From: Doug Ewell (dewell@compuserve.com)
Date: Tue Apr 11 2000 - 10:49:06 EDT


Asmus Freytag <asmusf@ix.netcom.com> wrote:

>> By using all eight windows/registers, I could sometimes beat the Java
>> reference code in terms of output SCSU when the source text used more
>> than one range of Unicode outside of the predefined ranges.
>
> I would love to learn of a realistic scenario where this situation
> occurs.
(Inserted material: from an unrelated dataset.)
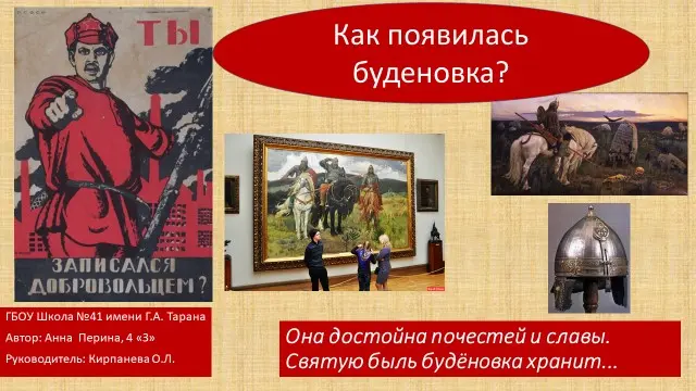 Рассматриваем шлемы богатырей на картине В. Васнецова «Богатыри» и рассказываем о роли художников В. Васнецова и Б. Кустодиева в разработке военной формы для Красной армии. Показываем фото с музейными экспонатами шлемов, а потом показываем несколько плакатов и фото с изображением красноармейцев времен Гражданской войны. Показываем фильм про Мальчиша-Кибальчиша и тоже обращаем внимание на его головной убор.

It's trivially possible to generate test strings that work to
> the strenghts (or design features) of a given compressor, but the task
> is to create one that works well with real-life text.

Well, Adrian did say "sometimes."

I just added limited use of static windows to my encoder and found that
it encodes the Japanese example in the TR in 181 bytes, which is not as
good as the 178 shown in the TR, but BETTER than the 182 that the "more
details" page claims for the reference encoder. (Is this a problem in
the report, that these two references disagree?) As far as I can tell,
I have not optimized my encoder for Japanese text to any great extent.

Naturally, I was delighted to see that I had achieved such good
compression compared to the amount of work I did.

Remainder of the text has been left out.